Who should be responsible for paying for the costs of data breaches?

Reacting to the recent high-profile security lapses at major retailers (click here to read our previous newsletter), California lawmakers are considering a bill that would shift the burden of dealing with a data breach—and the costs—off the shoulders of banks and card issuers.

Under the current framework, credit card companies and banks generally carry the initial burden of any financial losses resulting from a cyber attack or hack, such as replacing cards or providing credit monitoring services. But AB 1710 shifts responsibility to the businesses where the breach occurred—Target, for example.

“Financial institutions should not be taking the heat for a data breach that occurs at a retailer,” Assemblyman Roger Dickinson (D-Sacramento), chairman of the Assembly Banking and Finance Committee and coauthor of the bill, told the Los Angeles Times. Coauthor Assemblyman Bob Wieckowski (D-Fremont) chairs the Assembly Judiciary Committee.

Under their proposal, the source of the breach would be required to notify affected California residents within 15 days and “offer to provide appropriate identity theft prevention and mitigation services” at no cost for a two-year period. All associated costs would be shouldered by the business, such as paying for card replacements.

The proposed law also contains provisions intended to reduce the fallout if a breach should occur. Pursuant to the bill, businesses that accept credit or debit cards would be prohibited from “storing, retaining, sending, or failing to limit access to payment-related data” including the contents of a payment card’s magnetic stripe or the card verification code subsequent to an authorization. In addition, the sale of Social Security numbers would be banned.

Violations of AB 1710 could result in civil penalties of $500 per violation, or up to $3,000 for each willful, intentional or reckless violation.

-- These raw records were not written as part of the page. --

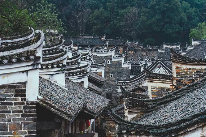 沿着青石板路深入古村,二百余栋的古建筑保存完好。这些青砖筑成的建筑多为明清时期所建,高大的风火墙、起伏变化的白色展带以及精妙绝伦的马头墙,构成了这里的古韵。
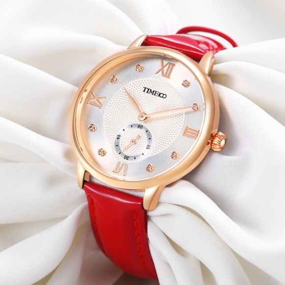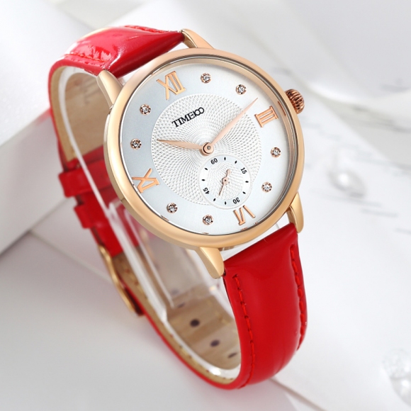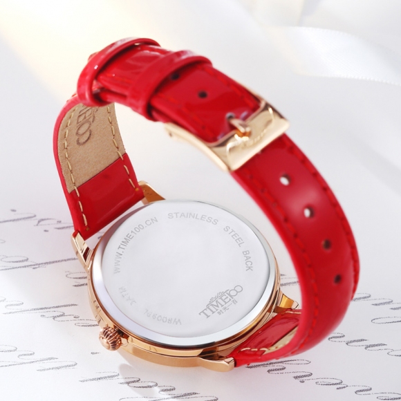 时光一百 时尚复古闪钻亮光真皮石英女表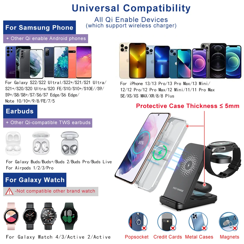 【 3 в 1 Беспроводное зарядное устройство:Беспроводная зарядная станция может заряжать ваш для Galaxy 4/3/Active 2/active【не для Apple Watch】, Galaxy Buds/Buds +/Buds Pro/Buds Live, телефоны одновременно, такие как для Samsung Galaxy S22/S21/S20/S10/S9 серии iPhone 13/13 Pro/13 Pro Max/13 Mini/12/12 Pro/12 Pro Max/12 Mini/11/11 Pro/11 pro Max/SE/8/8 plus, И все Qi-сертифицированные устройства. Попрощайтесь с грязными шнурами, делает ваш стол и тумбочку аккуратно и организованно. Для лучшей зарядки Используйте адаптер питания QC 3,0 (не входит в комплект).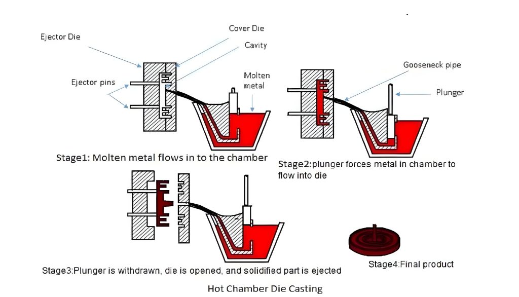 فلز مذاب داخل یک مخزن (کوره) نگهداری میشود و یک پیستون تزریقی، مذاب را از طریق نازل به داخل قالب هدایت میکند.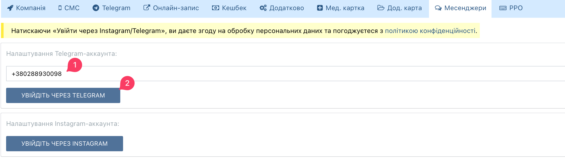 Модуль «Месенджери» є додатковим до основного функціоналу і оплачується окремо. Для підключення даного модуля, зверніться до нашого менеджера.
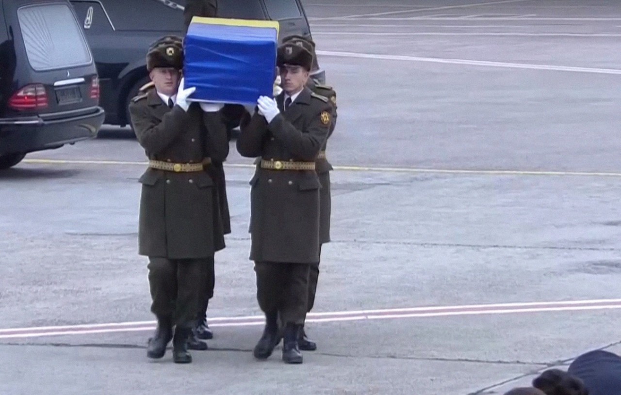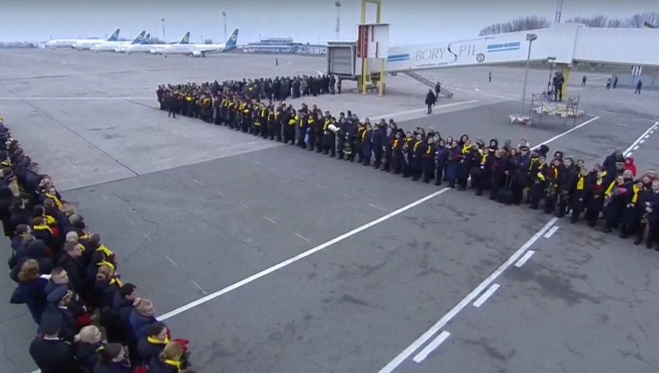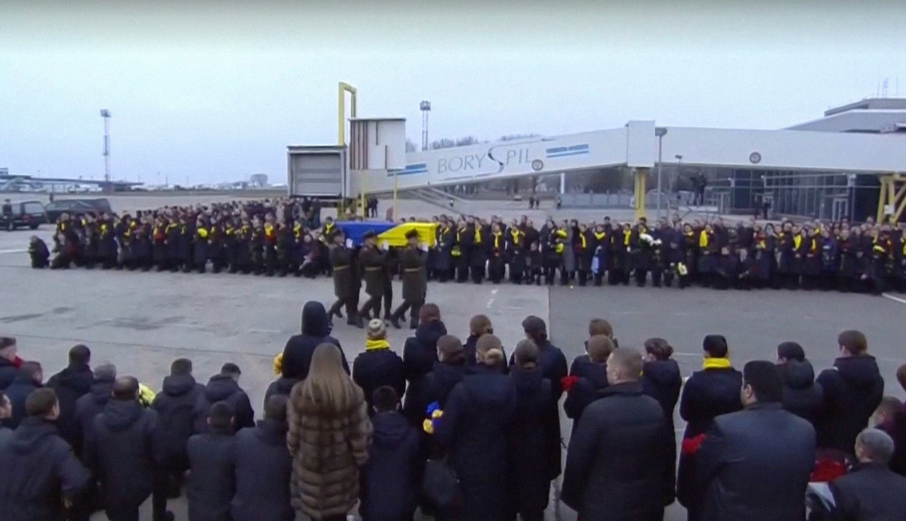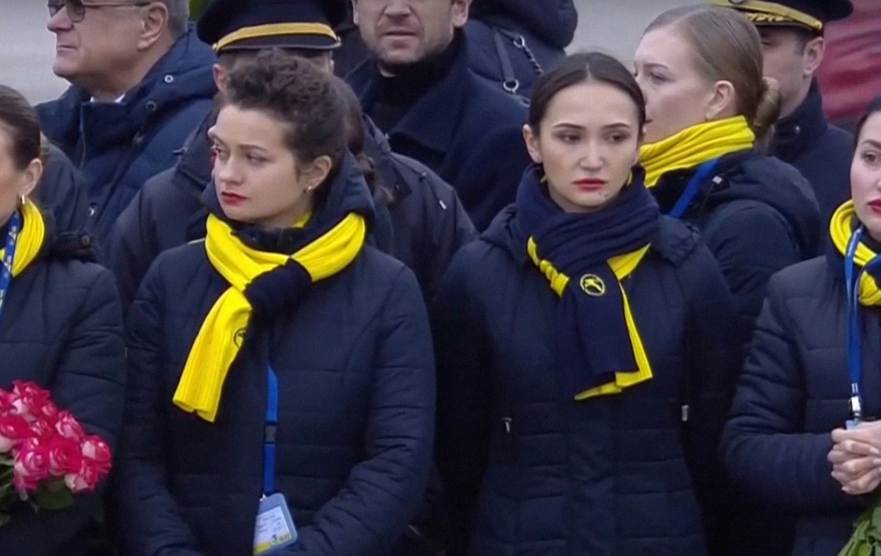 Так, по дороге в терминал "В" в аэропорт "Борисполь" траурный кортеж провожала шеренга из нацгвардейцев. В аэропорту живой коридор образовали коллеги, пилоты встречали украинских погибших, став на колени.

While Dickinson and his co-sponsors are backed by privacy advocates and consumer groups including Privacy Rights Clearinghouse, retailers have already promised to fight the bill.

“It’ll be a fight, a tough fight,” Bill Dombrowski, president of the California Retailers Association, promised the Los Angeles Times.

The bill is currently being considered by the Assembly Judiciary Committee.

To read AB 1710, click here.

Why it matters: The legislation is music to the ears of banks and card issuers, who currently cover the costs when a data breach occurs. But the bill faces a serious challenge from the retail industry, with groups such as the California Retailers Association speaking out in opposition.